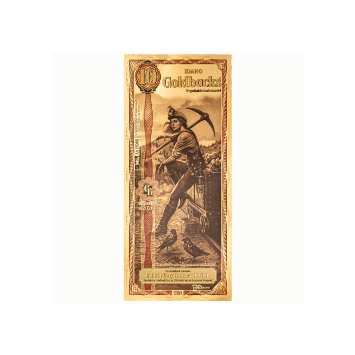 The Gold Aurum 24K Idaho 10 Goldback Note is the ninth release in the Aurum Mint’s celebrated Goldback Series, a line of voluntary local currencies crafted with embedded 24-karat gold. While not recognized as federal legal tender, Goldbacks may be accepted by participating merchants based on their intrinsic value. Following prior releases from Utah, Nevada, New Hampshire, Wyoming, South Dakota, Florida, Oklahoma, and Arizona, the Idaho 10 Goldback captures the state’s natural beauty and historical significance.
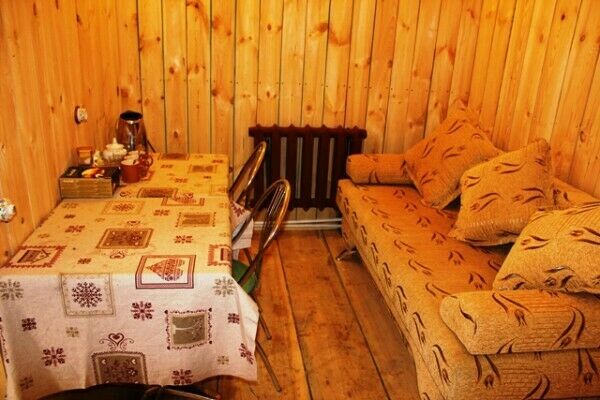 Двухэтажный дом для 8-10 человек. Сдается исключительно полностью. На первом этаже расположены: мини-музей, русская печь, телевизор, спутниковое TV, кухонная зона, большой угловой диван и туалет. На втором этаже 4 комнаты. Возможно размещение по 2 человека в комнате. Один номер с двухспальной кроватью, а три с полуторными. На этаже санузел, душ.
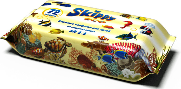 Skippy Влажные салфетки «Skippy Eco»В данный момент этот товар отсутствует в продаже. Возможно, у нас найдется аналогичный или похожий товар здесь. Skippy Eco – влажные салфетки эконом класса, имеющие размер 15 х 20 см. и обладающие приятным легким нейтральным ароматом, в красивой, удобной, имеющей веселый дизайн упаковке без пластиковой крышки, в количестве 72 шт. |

EXERCISE OBJECTIVE
Omit all pictures, and repeat exactly the lines from the line containing "Двухэтажный дом для" through the end of the data.

THE COMPLETED TASK
 Двухэтажный дом для 8-10 человек. Сдается исключительно полностью. На первом этаже расположены: мини-музей, русская печь, телевизор, спутниковое TV, кухонная зона, большой угловой диван и туалет. На втором этаже 4 комнаты. Возможно размещение по 2 человека в комнате. Один номер с двухспальной кроватью, а три с полуторными. На этаже санузел, душ.
 Skippy Влажные салфетки «Skippy Eco»В данный момент этот товар отсутствует в продаже. Возможно, у нас найдется аналогичный или похожий товар здесь. Skippy Eco – влажные салфетки эконом класса, имеющие размер 15 х 20 см. и обладающие приятным легким нейтральным ароматом, в красивой, удобной, имеющей веселый дизайн упаковке без пластиковой крышки, в количестве 72 шт. |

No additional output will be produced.